A novel high-throughput method is described that enables the detection and relative quantitation of small RNA and mRNA expression from single bacterial cells using locked nucleic acid probes and flow cytometry-fluorescence in situ hybridization.
Fluorescence in situ hybridization (FISH) is a powerful technique that is used to detect and localize specific nucleic acid sequences in the cellular environment. In order to increase throughput, FISH can be combined with flow cytometry (flow-FISH) to enable the detection of targeted nucleic acid sequences in thousands of individual cells. As a result, flow-FISH offers a distinct advantage over lysate/ensemble-based nucleic acid detection methods because each cell is treated as an independent observation, thereby permitting stronger statistical and variance analyses.
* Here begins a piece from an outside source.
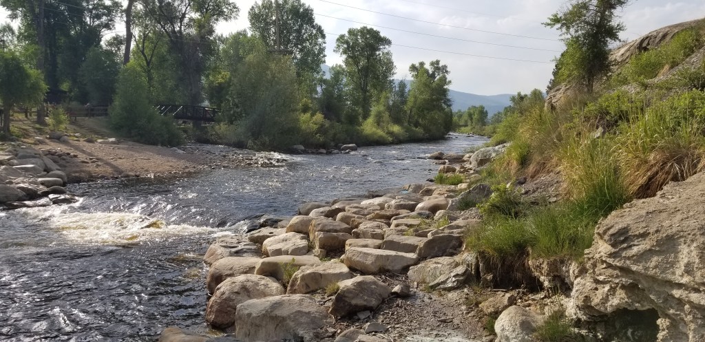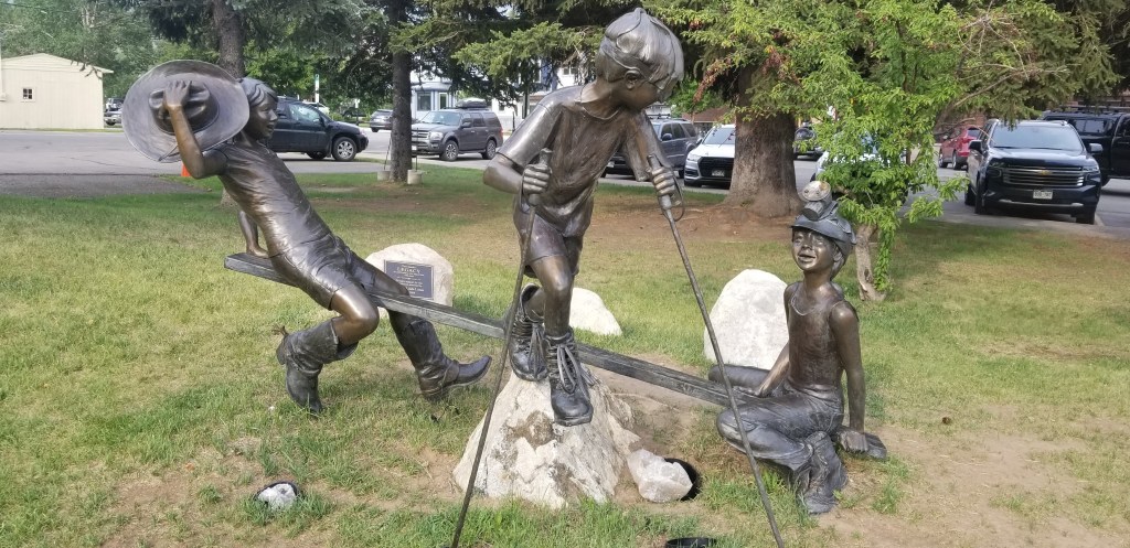 Far from being a sleepy town in the summer, Steamboat Springs was bustling. We had a difficult time making our way down the main street at the dinner hour because of all the traffic. Tourist shops, restaurants, ice cream parlors and breweries were all doing a brisk business. Maybe it was because of all the pent-up isolation from Covid. But also, there is so much to do here. In the picture above, you may see a bridge on the upper left side. That is a biking and walking trail that went all through town alongside the Yampa River. There are trails up in the mountains for hiking as much as anyone would want. There are also fishing and other water sports in the river. The town has a couple of interesting-looking museums, but we didn’t get to those in the short time we were there.

These attributes have prompted the use of FISH and flow-FISH methods in a number of different applications and the utility of these methods has been successfully demonstrated in telomere length determination1,2, cellular identification and gene expression3,4, monitoring viral multiplication in infected cells5, and bacterial community analysis and enumeration6.
Traditionally, the specificity of FISH and flow-FISH methods has been imparted by DNA oligonucleotide probes. Recently however, the replacement of DNA oligonucleotide probes with nucleic acid analogs as FISH and flow-FISH probes has increased both the sensitivity and specificity of each technique due to the higher melting temperatures (Tm) of these analogs for natural nucleic acids7,8. Locked nucleic acid (LNA) probes are a type of nucleic acid analog that contain LNA nucleotides spiked throughout a DNA or RNA sequence9,10. When coupled with flow-FISH, LNA probes have previously been shown to outperform conventional DNA probes7,11 and have been successfully used to detect eukaryotic mRNA12 and viral RNA in mammalian cells5.
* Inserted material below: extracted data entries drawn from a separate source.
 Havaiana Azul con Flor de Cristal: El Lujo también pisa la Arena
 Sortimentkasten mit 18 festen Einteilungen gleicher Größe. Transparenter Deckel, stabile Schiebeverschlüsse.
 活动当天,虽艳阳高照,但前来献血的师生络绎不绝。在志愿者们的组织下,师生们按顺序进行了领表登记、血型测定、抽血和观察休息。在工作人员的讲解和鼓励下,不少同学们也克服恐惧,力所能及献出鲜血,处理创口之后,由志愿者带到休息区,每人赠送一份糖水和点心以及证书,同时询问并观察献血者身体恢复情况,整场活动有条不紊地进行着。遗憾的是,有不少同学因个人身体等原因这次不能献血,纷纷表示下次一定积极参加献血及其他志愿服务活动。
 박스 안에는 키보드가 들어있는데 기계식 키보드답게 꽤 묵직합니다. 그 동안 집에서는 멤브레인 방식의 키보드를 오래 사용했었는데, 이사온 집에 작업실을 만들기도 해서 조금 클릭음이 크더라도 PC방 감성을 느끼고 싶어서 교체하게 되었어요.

Here we expand this capability and describe a LNA flow-FISH method which permits the specific detection of RNA in bacterial cells (Figure 1). Specifically, we are interested in the detection of small non-coding regulatory RNA (sRNA) which have garnered considerable interest in the past few years as they have been found to serve as key regulatory elements in many critical cellular processes13. However, there are limited tools to study sRNAs and the challenges of detecting sRNA in bacterial cells is due in part to the relatively small size (typically 50-300 nucleotides in length) and low abundance of sRNA molecules as well as the general difficulty in working with smaller biological cells with varying cellular membranes. In this method, we describe fixation and permeabilzation conditions that preserve the structure of bacterial cells and permit the penetration of LNA probes as well as signal amplification steps which enable the specific detection of low abundance sRNA (Figure 2).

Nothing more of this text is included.